No, more like pretty good selling point for Casio.(although lithium batteries are VERY good)

Casio holds patents on technology that allows their devices to use less power than other manufacturers.

The Casio Exilim digital camera runs 2-3 times as long on the same set of batteries than any other comparable camera.


----------



## Viking (Mar 16, 2009)

GaryS said:


> Batteries are strange critters. I built a Heathkit multimeter in 1975 that was powered by two AA batteries.

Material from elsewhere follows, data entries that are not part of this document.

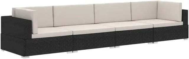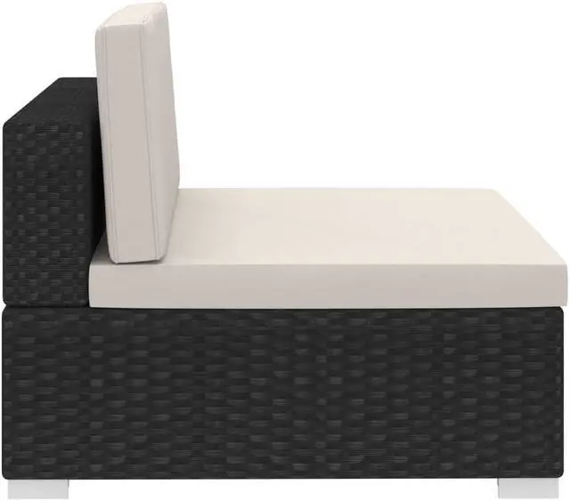 This poly rattan sofa set, consisting of 2 corner sofas, 2 center sofa, 6 back cushions and 4 seat cushions, will offer a stylish seating area for your garden or patio.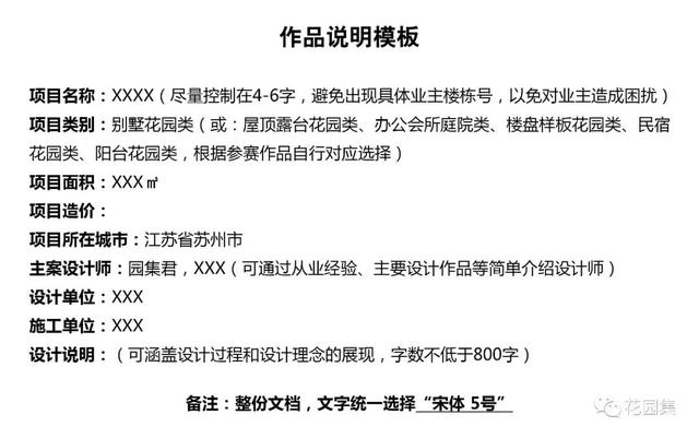 ②以word文檔的形式,提交參賽作品的介紹與說明【文檔里需包括:項(xiàng)目名稱、項(xiàng)目類別、項(xiàng)目面積、項(xiàng)目造價(jià)、項(xiàng)目所在城市、主案設(shè)計(jì)師簡介、設(shè)計(jì)及施工單位、設(shè)計(jì)說明】字?jǐn)?shù)不少于800字,文字統(tǒng)一為宋體、5號字,格式參考下圖: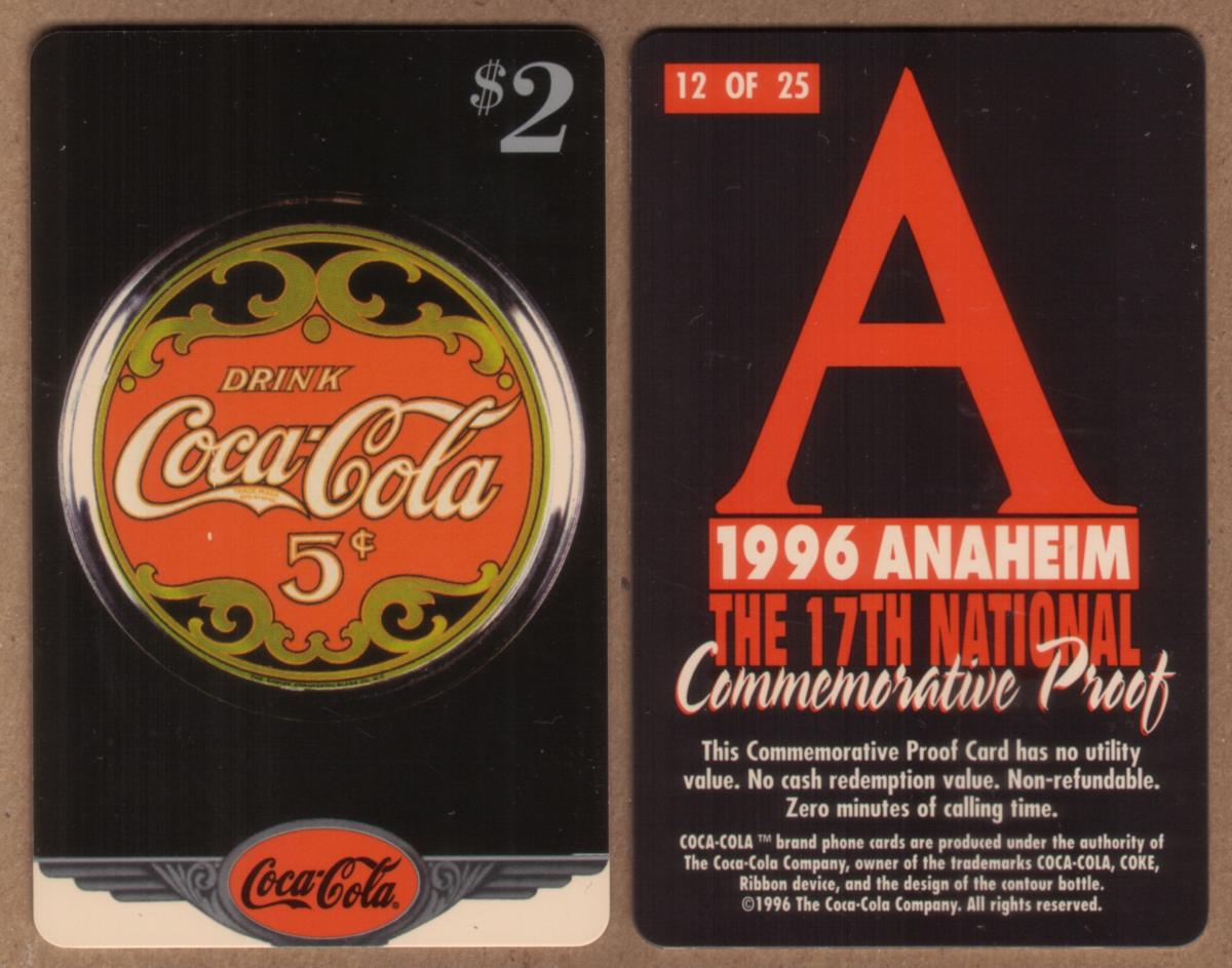 This collectible card features artwork and branding associated with The Coca-Cola Company. The front prominently displays the Coca-Cola logo in bright red and white colors, accompanied by the phrase "Drink Coca-Cola 5¢." The card commemorates the 17th National Commemorative Proof for Coke National '96, held in Anaheim in 1996. The event is clearly noted as "1996 Anaheim" on the front of the card.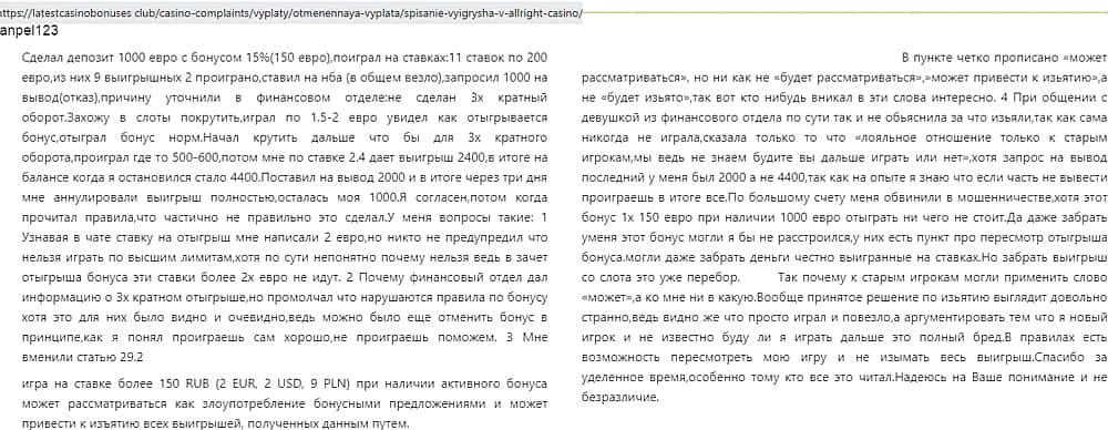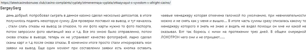 Получив бонус в виде бесплатных спинов, один из юзеров смог его отыграть, как и прописано в правилах. Вот только в планы интернет-лоховодов не входила подобная ситуация. Афеисты Алл Райт Казино сразу же начали разводить игрока на пополнение счета, якобы для выведения средств, а в итоге он не получил бы никаких денег вовсе.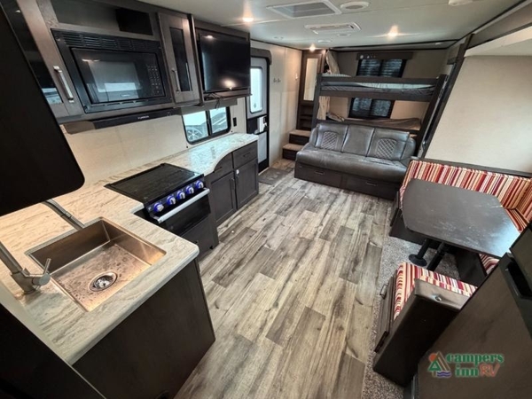 Are you ready to camp in comfort with your family or friends? This travel trailer allows you to do just that! There are double-size bunks in the back with step storage for books or board games. There is also a closet here to keep clothes wrinkle-free. The U-shaped dinette within the slide out can be switched out for the optional theatre seats, and the jackknife sofa will be the perfect spot to visit with your crew. This model features a walk-through bath that leads to the front master bedroom. You'll love the queen bed here, overhead storage, and your own exterior entry door for convenience.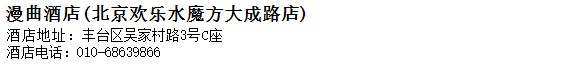 酒店地址:北京 豐臺區 吳家村路3號C座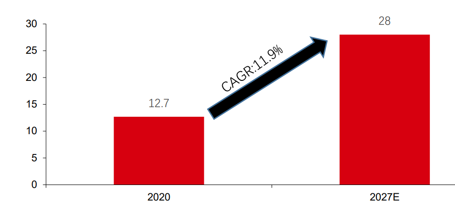 △2027年国内军用电源市场规模(单位: 亿美元)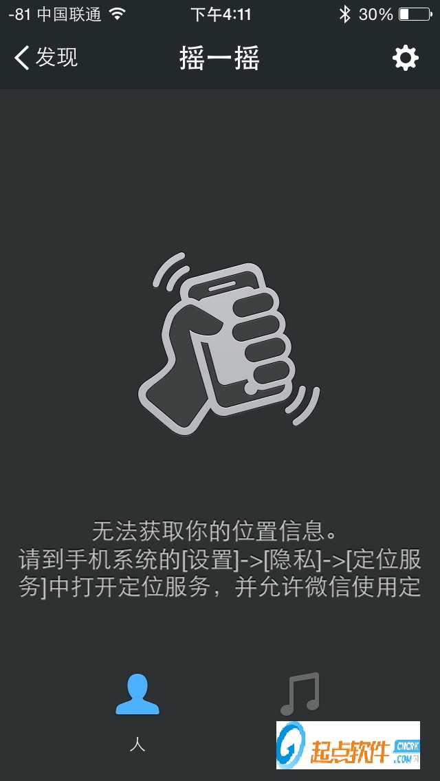 如果觉得结交附近的人比较尴尬,可以试试摇一摇,这也需要开启地理位置信息。打开”摇一摇“,晃动一下手机,就可以摇到在同一时间也在无聊中摇摇的人。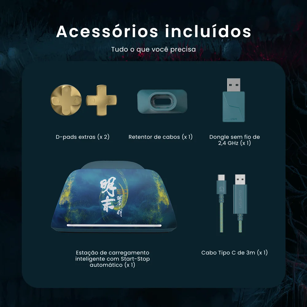 Em colaboração oficial com Wuchang: Penas caídas, este controlador desenha profundamente do espírito do jogo, echando a luta implacável do destino da Wuchang.Ambos a placa frontal e da estação de carregamento incorporados pelo poder das habilidade de combate [Skyborn Might] de Wuchang.A placa frontal mostra uma silhueta etérica de Wuchang, enquanto as apertos levam inspiração da armadura da escala de dragão apresenta no traje [Resurância Draconica], aprimorada com texturas de resina UV em camadas para adição de toque.Altogether, este controlador é mais do que uma ferramenta, mas sua companheiro confiável na jornada no desconhecido.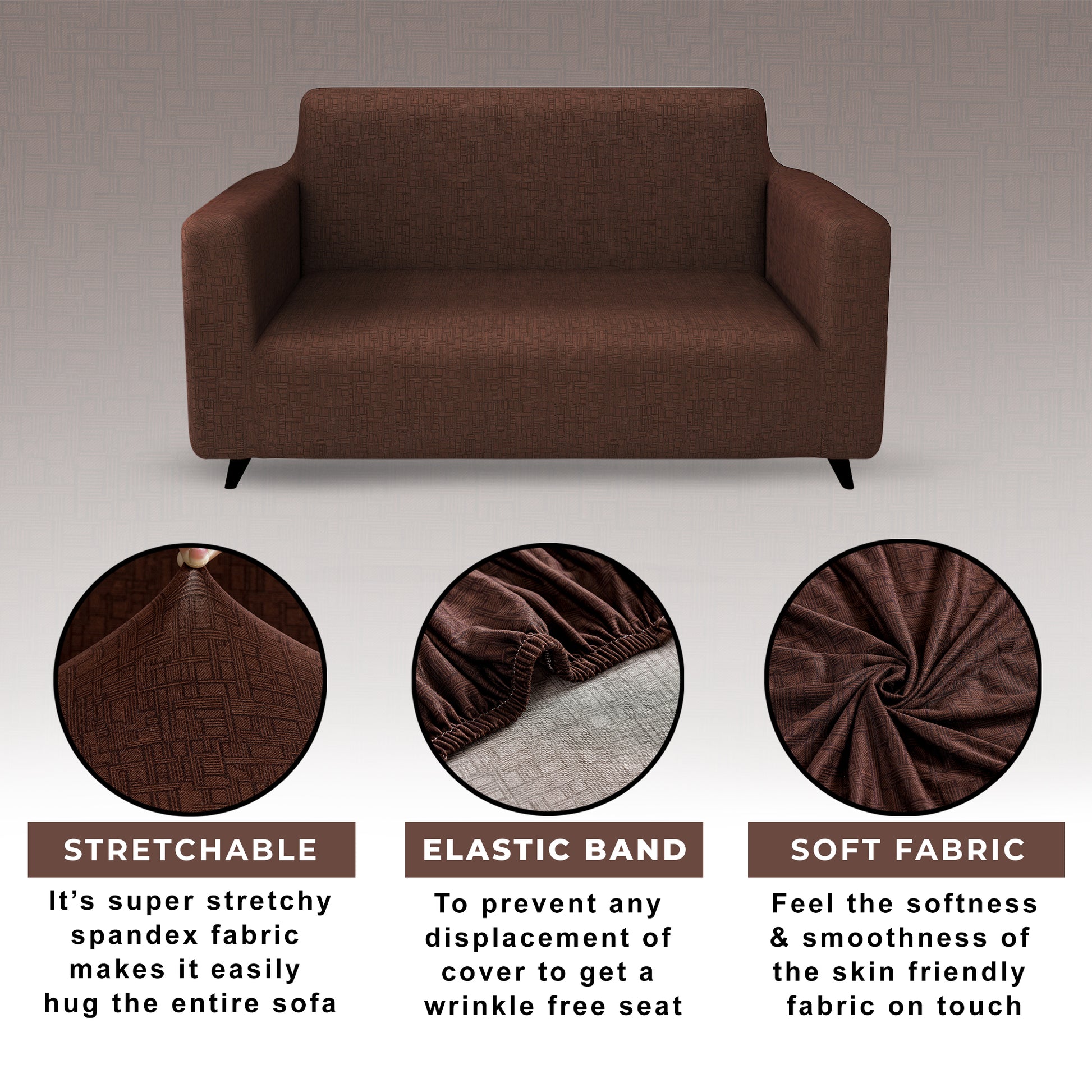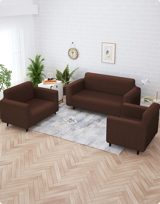 Sofa Cover Combo – 1 Pc 1 Seater, 1 Pc 2 Seater, and 1 Pc 3 Seater Elastic Stretchable in Dark Brown Criss Cross Pattern by Story@Home

 I really miss all the electronic companies that had kits, I also built a Heathkit multimeter but I got it back in the 1950's and I think it had one D battery. Built things from Eico and Laffyette (spl.) as well and now Radio Shack may be going away, one which still has resistors, condensers, LED's and other hobbiest stuff that I was still getting for projects.


----------



## GaryS (Nov 15, 2011)

Viking said:


> I really miss all the electronic companies that had kits, I also built a Heathkit multimeter but I got it back in the 1950's and I think it had one D battery. Built things from Eico and Laffyette (spl.) as well and now Radio Shack may be going away, one which still has resistors, condensers, LED's and other hobbiest stuff that I was still getting for projects.


Yep, I miss them too. The multimeter was part of a course I took that also had you build a breadboard, an O-scope, and a color TV. The scope was sort of difficult to use, but the TV was wonderful. It was modulized with plug-in boards that were extremely easy to test and troubleshoot. I had that set for about fifteen years with only a couple of minor problems until the picture tube finally died.


----------